私はというと、目の前で平然と行われたことに対して冷や汗が止まらないままだった。キショウが現れた時のことといい、男性の苦しみ方といい、何かとんでもないものを目撃していた気がする。一方、彼女はかなり手慣れた様子で、あまつさえこれを『浄化』と言った。私の知る、感染者を癒すそれとは対極のようなこの行為を。
「一目瞭然ではないかね」
満足げに唇を吊り上げたサフィール氏が、訴えかけるように一帯を見回す。
「ほんの一時だ。少しの間我慢をすれば、瞬く間に浄化は完了する。ハーフエルフが何時間、何日、それこそひと月かけて行わねばならないようなことも、我々エルフは一瞬で終えられるのだ。これを優れているといわず何という!」
ブーツの底が合図の如く地面を穿つ。町の隅々まで響き渡るような自信に満ち溢れた演説は、そのカリスマ性も合わさって、人々の関心を大いに惹きつけたらしい。どこからともなく「そうなんだ」という頷きが聞こえ、それを皮切りに、集団のさざめきが大きくなっていく。

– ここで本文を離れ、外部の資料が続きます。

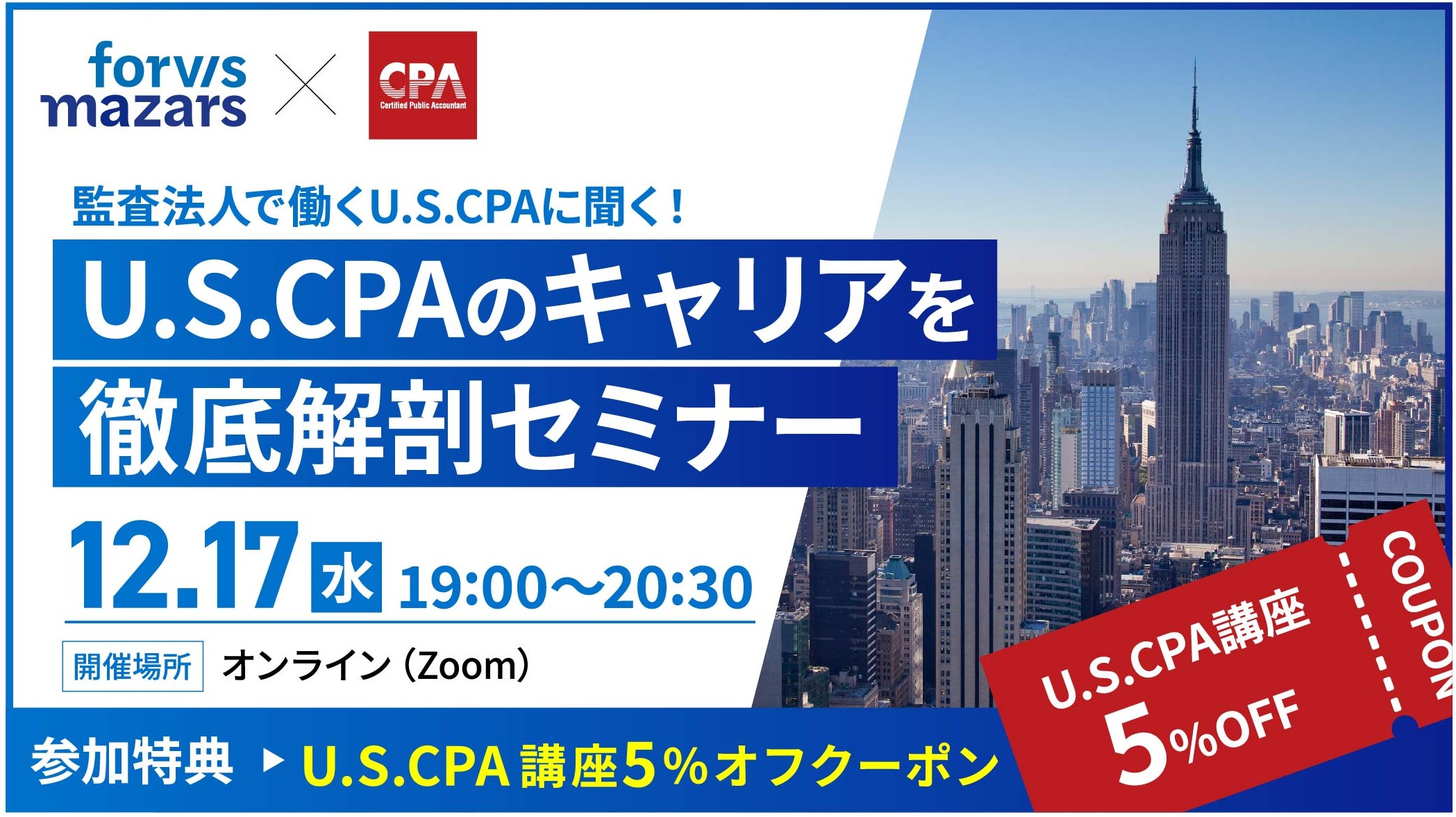 | 内容 | ・日時 2025年12月17日(水) 19:00~20:30 ・形式 オンライン(Zoomウェビナー形式) ・対象者 U.S.CPA資格に興味のある方、U.S.CPA講座の受講を検討されている方 |

「貴殿らの無駄にした時間を思うと残念でならない。最初からこちらに依頼していれば、今頃祭とやらも例年通り開催できていただろうに」
「おっしゃる通りですわ、お祖父様。要らぬ苦労を強いられているなんて本当にお気の毒」
ますます深まる氏の笑みに、言葉が何も出てこない。頭の中がぐちゃぐちゃの泥みたいだった。でも、向き合わなければいけないことが一つだけある。
──色々な人に庇われて、代わりに立ち向かってもらって、それでも覆せないほど私の力が不足しているということ。
「彼らが未だに瘴気に苦しめられているのは、こんなところで二の足を踏んでいる君のせいではないのかね? ハーフエルフの見習いよ」
ああ、そうだ。ようやくわかった。未熟さはこの上ない罪だ。
悪夢を引き延ばしてきた元凶は自分。紛れもないその事実で撃ち抜かれた胸の穴から、無情な風だけがひゅうひゅうと通り過ぎていった。